I really ought, though, to more terrified of all things creepy and crawly. When I was eleven a bumblebee flew into my eye and stung me milimeters away from the eyeball. My whole eye swelled up about the size of a golf ball, and closed. It's a good thing it was summer because if I'd gone to school like that, I wonder how easily they'd've believed it was the result of a bee sting. Thing is, if I had had any sort of allergy (beyond the swelling), they figure I could've ended up blind even though it wasn't right in my eye.

How did I happen to get stung that close to the eyeball? My brother thought that the best way to get rid of bees was to try to hit them out of the sky with a big stick. (My brother, in later years, would do this to lightning bugs because, I don't know, he's a hopeless murderous bastard.) Since we were standing in the little walkway o' yard between our house and the neighbour's (maybe four feet wide), the bee decided to head straight for me, in a rage, and it turned out he was flying at eye level. It just felt fuzzy (like pompoms) until it stung me. That was the second (and last) time I've been stung. To this day I practice and advocate The Freeze Method, where you pretend you're just another pretty flower and hope the thing goes away. Running, flailing and screaming are sure fire ways to get yourself stung.

I have a bat incident too. This one also takes place at camp, but years before, while I was still a camper, probably in fourth grade, the summer before the bumblebee. It was after the All Camp Campfire, which means it was maybe nine o clock or thereabouts, but we were doing our own campfire with S'mores afterwards, or maybe a night swim, I don't quite remember. I do know it was relatively dark, but I was stopping in my tent really quick to get something. One of my tent-mates had been particularly annoying the whole way back, pinching everybody was her hobby, I think. So when I felt something that felt like a hand on the back of my head, I told her to cut it out. She announced from outside that she was not in the tent, and didn't have her hand on my head. I thought, well, maybe it's a grasshopper or something, and brushed my hand back over my head. I touched something huge that fell to the ground and into the beam from my flahslight. It was, pretty obviously, a bat. I called to the girl that it was a bat, who (outside) began screaming. That sent the counselors over and I relayed that I'd had a bat in my hair, but it was gone now.

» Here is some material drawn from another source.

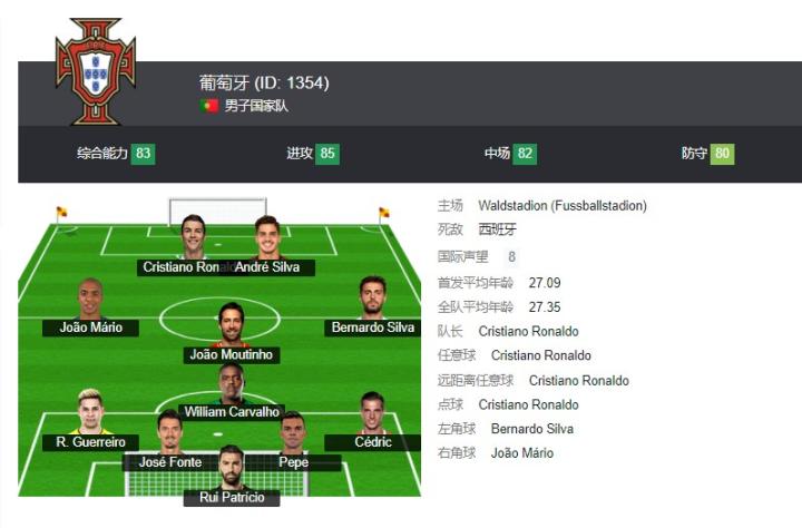 游戏中给出的葡萄牙首发阵容采取了双前锋的战术,A席负责策应、C罗完成最后一击,中场的四名球员中,强力兽腰威廉-卡瓦略坐镇单后腰完成拦截工作,若昂-马里奥、穆蒂尼奥和伯纳多-席尔瓦三位技术型中场平行站位进行组织,梳理球队的攻防节奏。后防线上有老将佩佩坐镇,门将则是欧洲杯上发挥神勇的帕特里西奥。总体来说攻守均衡,但中场的硬度可能稍差一些。

They calmed down the other girl, and tried to work out if the bat had bit me. I said if it had bit me, I would've felt it, and I was fine. They couldn't understand why I wasn't in hysterics like the my tentmate (I'm sure inside THEY both were). It made sense to me- we'd been to camp together before and SHE was terrified of daddy long legs and got homesick and claimed she was allergic to anything that made her momentarily uncomfortable. Why would I want to be like that? She wasn't any fun to be around like that. We were good friends, because I'd discovered by then that most girls were that way at least part of the time, you just had to put up with them.

I'm also amazed that I have never ever gotten poison ivy. I should have, by now. With poison ivy, you know, it's the second time you show the rash. The first time, nothing happens. That's why that Mythbusters episode with the poison ivy, where they test everyone once and they don't get it bugs me. Someone didn't do the appropriate research there. I guess they do test Grant twice (so he probably is immune), but, really, exposing all kinds of people to poison ivy once, to ensure they get it the next time, even in the name of science is incredibly stupid.

To sum up, embrace the creepy crawlies of the world as often as possible. Thoughtless murder is Hilter-esque and wrong, except in the case of plauges, a true plauge is all right. However, I've read that CitriSol will keep spiders away from a home, so I think we'll be buying some to spray around the foundations and in the eaves. Preventing murder is a much better solution.